È il momento d’oro dell’industria minore, quella cosiddetta della «terza Italia». È il momento delle esportazioni italiane e del made in Italy, è il momento della globalizzazione dell’industria italiana.

Quindi è un Paese il cui modello di crescita, tra l’altro, viene anche riconosciuto come virtuoso, in cui la società e il sistema produttivo si uniscono. Il risultato era un prodotto interno lordo pro capite che quasi andava a raggiungere quello del Regno Unito – che rimaneva comunque il Paese con cui l’Italia poteva confrontarsi dal punto di vista economico – sebbene le economie di Francia e Germania andassero decisamente meglio.

Quindi, sicuramente, era un quadro politico ed economico che dava credibilità all’Italia e ne rafforzava, in un certo senso, lo standing a livello europeo.
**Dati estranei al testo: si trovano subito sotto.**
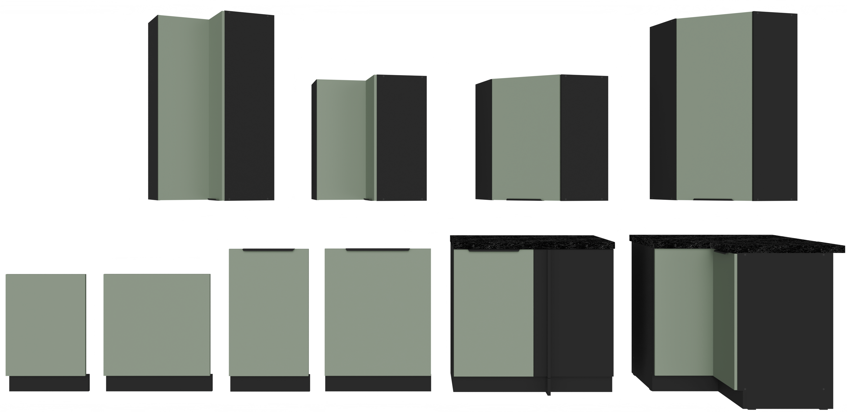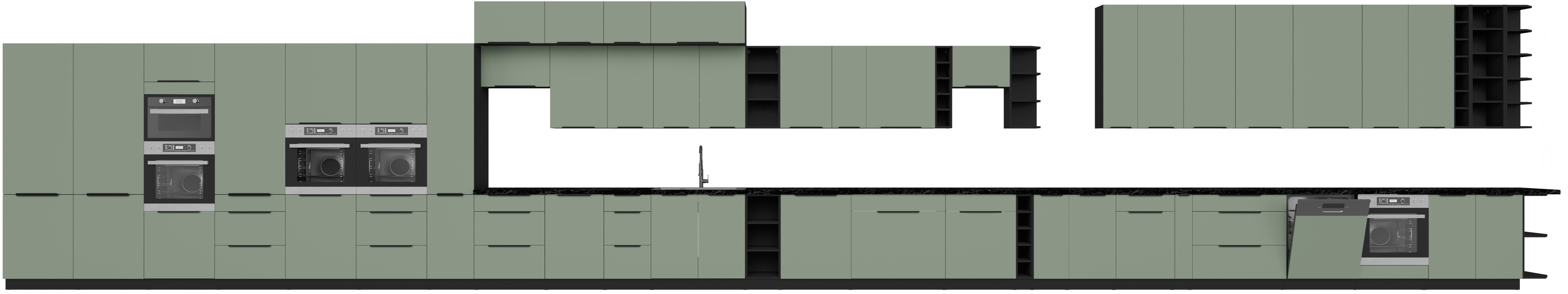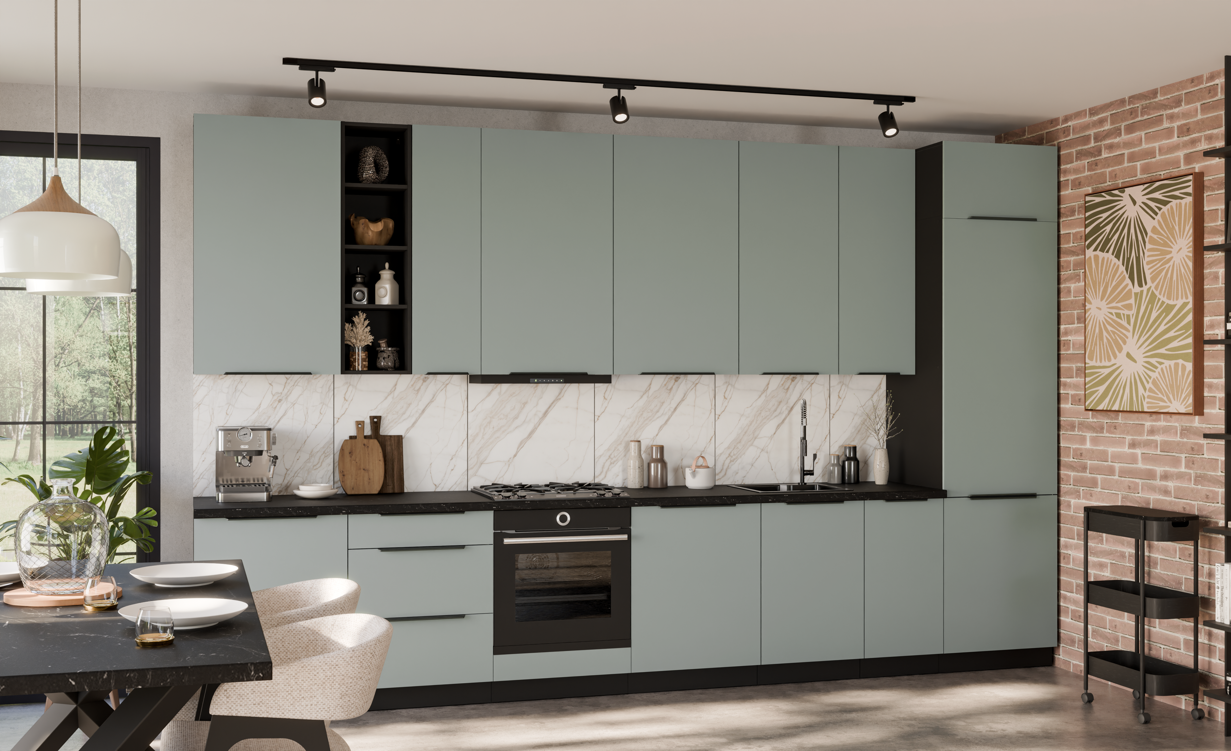 Radna ploča s oznakom 38‑6499 marmor roma osigurava elegantan završetak cjeline. Uzorak mramora lijepo se slaže s kolor frontama i dodaje dašak prestiža. Površina je otporna na vlagu i jednostavna za čišćenje, što omogućuje bezbrižnu pripremu hrane. Kuhinjski elementi opremljeni su estetski i praktično oblikovanim ručkama edge UA‑HEXA od crno‑aluminijske legure. Ručke su dostupne u različitim razmacima – od 64 mm do 320 mm – što omogućuje usklađenost s različitim veličinama vrata i ladica.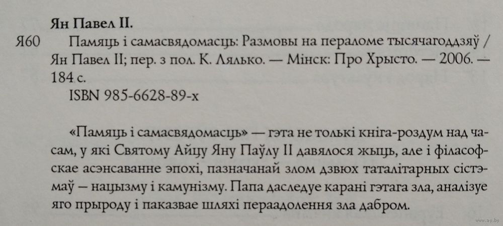 Ян Павел II. Памяць і самасвядомасць: размовы на пераломе тысячагоддзяў. Мінск : Про Хрысто, 2006 г. 183 с. Цверды пераплет.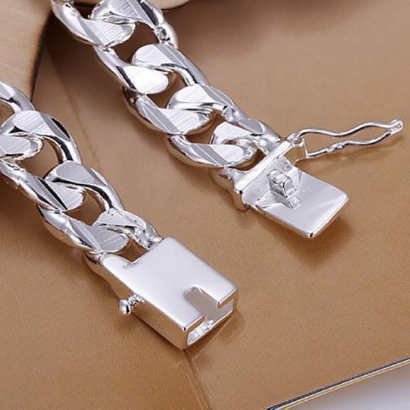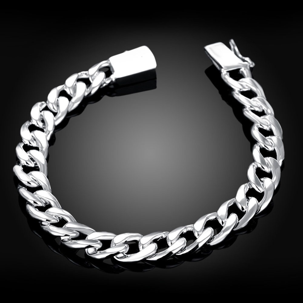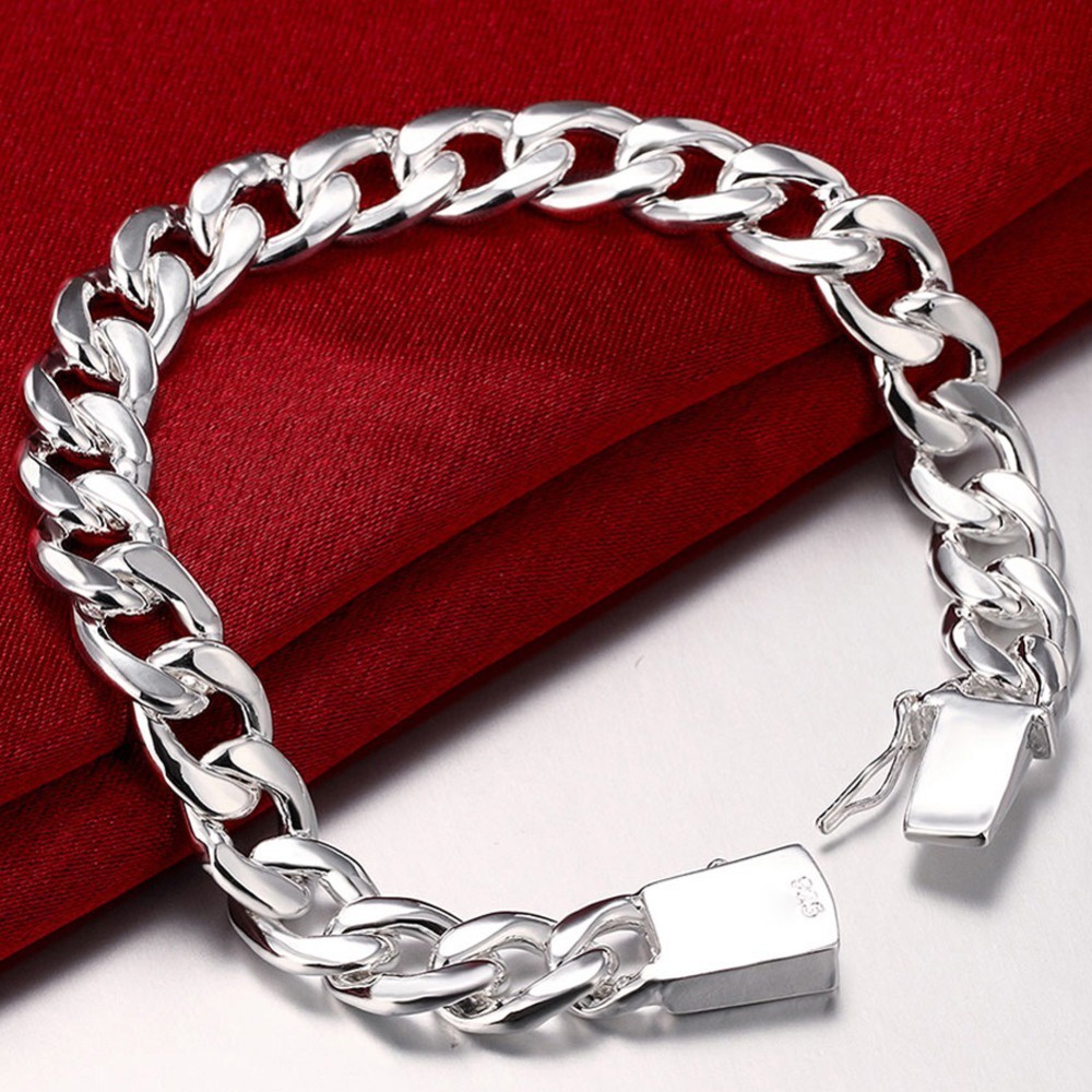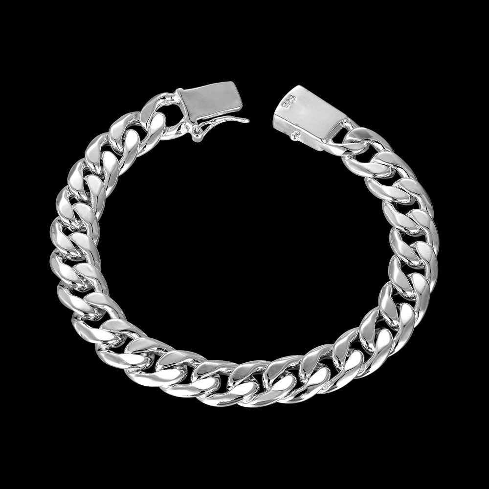 New Fashion Jewelry 925 Sterling Silver 10 mm Square Buckle Sideways Chain Bracelet For Unisex Man Women Gift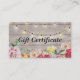 Elegante Vintage Modern Chic String Lights and Floral with Natural Rustic Wood Texture Background Salon ou Boutique Gift Certificate Modelo de cartão de negócios. Um Modelo de Certificado de Presente de Salão Elegante ou Boutique. Com Design de Lâmpadas de Madeira e Cordas com Flores Coloridas de Aquarela. Perfeito para um Salão de Beleza, Bar de Nail e profissões relacionadas.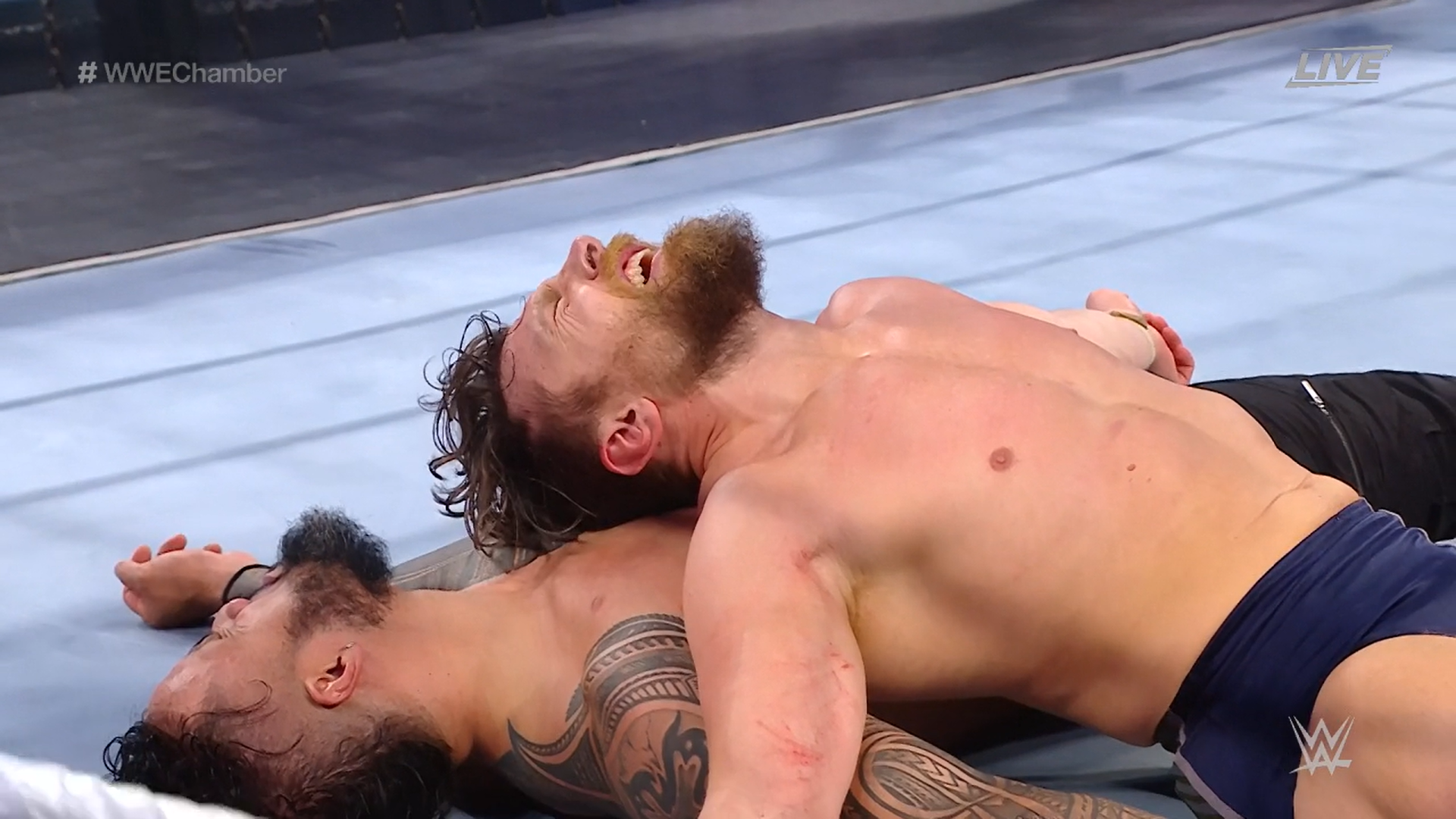 Mientras Sami salía, Jey Uso sorprende a Owens y le atora la puerta metálica con el brazo de Owens, generándole dolor. Tras conectarle varios Superkicks, Jey remata a Owens con un Uce Splash y lo remata con la cuenta de tres.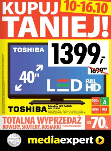 - Telewizor LED 40″ TOSHIBA 40L1333G – 1399 zł.

  • Il presidente del Consiglio Bettino Craxi decide di mettere ai voti la scelta di fare una conferenza intergovernativa sulla riforma dei trattati e la Gran Bretagna finisce in minoranza. Perché questa mossa è ricordata come uno spartiacque?

La mossa di Bettino Craxi, ispirata sicuramente da Giulio Andreotti, fu comunque una decisione, in un certo senso, poco rituale.

Sebbene gli Accordi di Roma, all’articolo 236, prevedessero il voto a maggioranza, fino a quel momento i Consigli europei avevano deciso implicitamente di evitare di applicare questa possibilità, preferendo mostrare quasi sempre l’unanimità attraverso un processo progressivo di raggiungimento del consenso.

Il voto, quindi, era quasi superfluo, perché le decisioni venivano già prese consensualmente.

In quel contesto, la novità fu la forzatura che l’Italia — che Bettino Craxi impresse — a questa regola non scritta del consenso, per raggiungere rapidamente una decisione: quella di convocare la conferenza intergovernativa che avrebbe poi portato all’Atto Unico Europeo e, successivamente, agli Accordi di Maastricht. Ma anche a una maggiore consapevolezza del ruolo geopolitico dell’Europa.

Quindi, in un certo senso, non fu una decisione ingiustificata dal punto di vista delle regole, ma fu senz’altro una scelta coraggiosa e irrituale.

  • Nel contesto geopolitico di oggi, è immaginabile riproporre quel tipo di iniziative o l’Italia e l’Europa sono troppo diverse?

Il contesto geopolitico attuale conferma, in un certo senso, la necessità di conferire all’Unione europea un ruolo politicamente e geopoliticamente più rilevante.

Probabilmente, il percorso che quarant’anni fa iniziò a Milano, e che in qualche modo condusse alla trasformazione dell’Europa verso un soggetto con una più marcata identità politica (e non soltanto economica), non si è ancora concluso.

Ricordiamo che, tra gli anni Novanta e i primi anni 2000, l’Europa ha continuato a rafforzare la propria identità economica: come spazio comune, come grande motore dell’economia globale, come attore economico di primo piano. Ma ha lasciato un po’ sullo sfondo il proprio ruolo politico a livello internazionale.

La situazione contingente mostra che questa evoluzione dell’identità politica dell’Europa non può considerarsi compiuta. Anzi, il processo richiede un’ulteriore accelerazione.

Slancio o boicottaggio

Nello scontro di civiltà interno all’Occidente che l’amministrazione Trump teorizza, i Governi europei devono scegliere se sottomettersi, o se rivendicare una visione alternativa che poi soltanto come Unione possono provare a far prevalere.

Ci vorrebbe però un’iniziativa italiana, come nel 1985, per ridare slancio al progetto europeo. E invece spesso ormai sembra di assistere a una forma, talvolta silenziosa, talvolta esplicita, di boicottaggio italiano dei tentativi di reazione coordinata a livello europeo.

Il potere trumpiano, con o senza Elon Musk, sostiene invece le destre più estreme e illiberali che sono pronte a prendere il potere per seguire la Casa Bianca in questa crociata culturale.

Fratelli d’Italia appartiene ai grandi partiti di centrodestra europeisti, come ha sostenuto nella prima fase della legislatura, o alle nuove destre illiberali che fanno da «alleati di civiltà» europei al progetto trumpiano?